An immediate question for many rabbis was whether and how to share their thoughts with their congregations, either in the form of communal emails, through sermons on Shabbat, or both.

Recognizing how challenging it may be for rabbis to calibrate their messages at a time of intense, wide-ranging emotions — including, potentially, their own — several organizations have teamed up to offer a “post-election rabbinic recharge” in advance of Shabbat.

Among the sessions on offer through the initiative, convened by an organization called Atra: Center for Rabbinic Innovation, are ones on how Shabbat can be an opportunity to unite communities and on how spiritual leaders can bridge political differences. One is titled, “’You are Wrong, AND I Love You’: Torah perspectives on how we find love for those we believe are truly mistaken.”

For Rabbi Joel Alter in Milwaukee, crafting his remarks proved a difficult balancing act. On the one hand, Alter said he was troubled by the falsehoods and dark tone of Trump’s campaign. On the other, he said his goal is always to avoid partisanship.

“So much of what went down in this campaign was so negative and so often false, so deeply cynical about the integrity of the American system, that I feel like, let’s have a debate about policies, but let’s speak honestly to each other,” Alter said. “This dark vision is very disturbing.”

But he qualified that, especially given how divided Wisconsin is, “There are going to be congregants who may feel that that’s not the case, that, no, [Trump’s] campaign was about how the system really is hopelessly broken, and the campaign was only speaking the truth and so on.”

Alter added, “It’s a little hard to know where the baseline is, where we can talk to each other openly and where we have to hold our words back because we’re crossing over into what’s deemed partisan territory.”
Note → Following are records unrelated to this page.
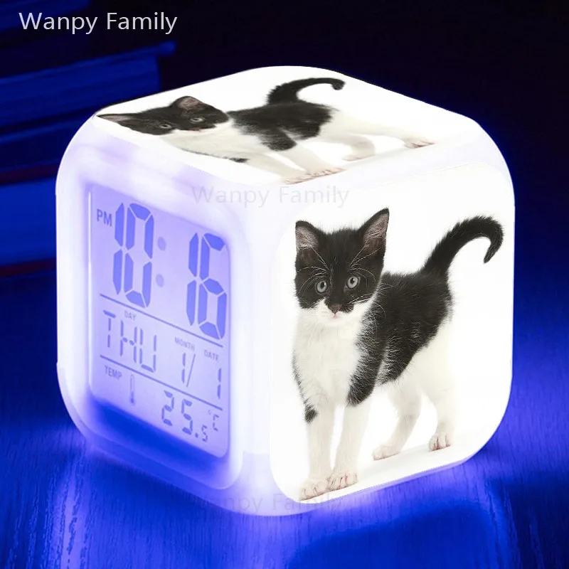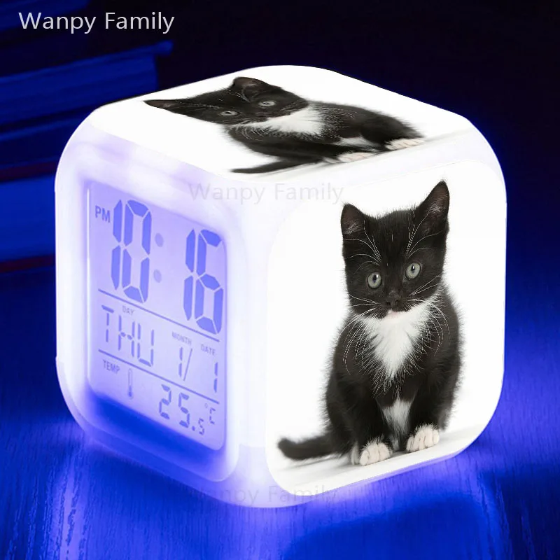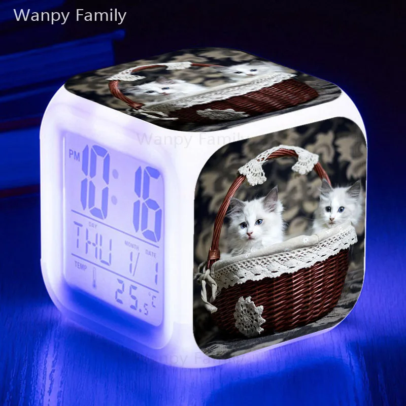 Очень милый маленький будильник с кошкой, 7 цветов, светящийся Многофункциональный светодиодный Будильник, большой экран, сенсорные чувствительные цифровые часы, часы
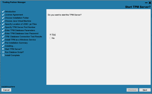 When the installation has finished, a prompt to start the iWay TPM server displays, as shown in the following image.
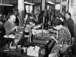 Fabrication de brosses en graphite dans les ateliers francfortois après-guerre (© Mersen)
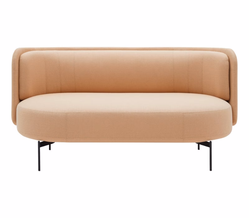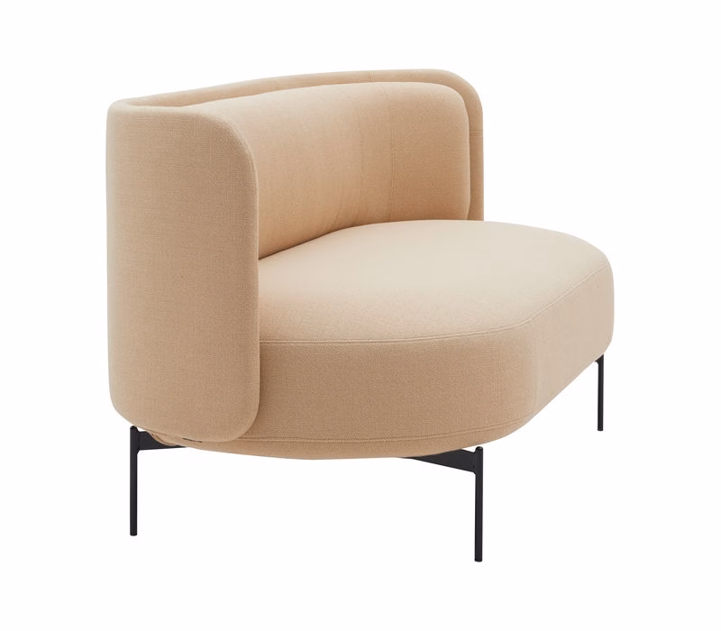 JOE is a series of soft, flexible seating furniture based on strong shapes, geometric curves, and clear lines. The centrepiece of the series is a circular pouf with slim legs. All seating elements are embraced by a light back wall that serves as a protective shell and creates comfort and privacy for relaxation or private conversations in hotel lobbies, lounge areas, libraries, or modern offices spaces. The soft backrest cushion provides maximum comfort. The family of seating poufs, sofas and armchairs are completed by a matching coffee table with the same floating appearance.

Gelman said his approach to the next few weeks will be dictated by how his congregants react, beginning with this coming Shabbat. He is considering holding a roundtable-style program where people can talk about their feelings if he senses “a lot of distress or tension.” But he’s worried that such as program itself may be perceived as partisan.

“If I do, for instance, publicize a roundtable processing session when it doesn’t seem like the congregation needs it, that might be seen as taking a political stance,” Gelman said. “Is it because Rabbi Gelman’s upset that Kamala Harris didn’t win? Is it because he wants to gloat that Donald Trump did win? I’m going to keep an eye and see what the needs of the community are.”

Lopatin is thinking not only about his own congregants but about community relations beyond the walls of his synagogue, the modern Orthodox Kehillat Etz Chayim. He acknowledged that many members of the Jewish community, both in Detroit and beyond, are crushed by Trump’s return to power. But he said he sees the outcome as an opportunity for Jews and their allies to find common ground, especially on “tachlis,” or bottom-line, practical issues that affect the local community.

“I hope the election is a little bit clarifying that, whatever your politics are, we have to come together and be strong together and support each other,” Lopatin said. “There are issues that we really care about, local issues in the community, our schools, our children’s education, that we really can agree on, and that we want to make sure that our kids have a secure environment in school.”

The end of the election season, Lopatin added, came with a positive no matter the result. He hopes it could ease local disagreements over Israel in Michigan, which is home to the country’s largest Arab-American population.

Lopatin said he is optimistic that local Jewish and Muslim communities can begin to rebuild relationships that were tested by the campaign and debates over the war in Gaza. He noted that Trump receiving support from both pro-Israel Jews and from Arab-Americans may be a sign of common ground.

“Some of the pro-Israel community was against [Trump], clearly, but a lot of the pro-Israel, maybe more right-wing pro-Israel community supported him, voted for him, and a lot of the Arab American and Muslim community voted for him,” Lopatin said. “I don’t know what that means. I hope it means something good. I just hope it means that some in the Muslim and the Arab American community realize that the goal is peace, the goal is not destroying Israel and fighting Israel.”

Friedman said he realizes that different sorts of Jews may experience the Trump administration differently: He said that LGBTQ Jews or Jews of color “are going to face a whole different set of ramifications than other people in the Jewish community.” But he also hopes to send a unifying message.

First, he said it was crucial for congregants to know that “their rabbis are here and available to listen, to support people in working through whatever it is that’s coming forward.”

Second, Friedman said there were Jewish lessons he hoped to provide for this tense political moment, including the ideas that everyone is created in God’s image and that Jews are commanded to look out for one another.

Finally, he said, he hopes to return to a common Jewish rallying cry — “Am Yisrael Chai,” or “the Jewish people lives” — to remind his community that Jews are resilient. True to his rules, it’s a message Jews have invoked from time immemorial.

“We are a people who have endured thousands of years of hardship and challenge and uncertainty, and I have no doubt in my mind that we will persevere through all of the uncertainty and upheaval that, frankly, this election has already brought, and that we have every reason to think is going to continue into the future,” Friedman said.

He added, “We need to remember that the Jewish people has made it through hard times before, and we are the keepers of that flame of courage that will get us through at this time, too.”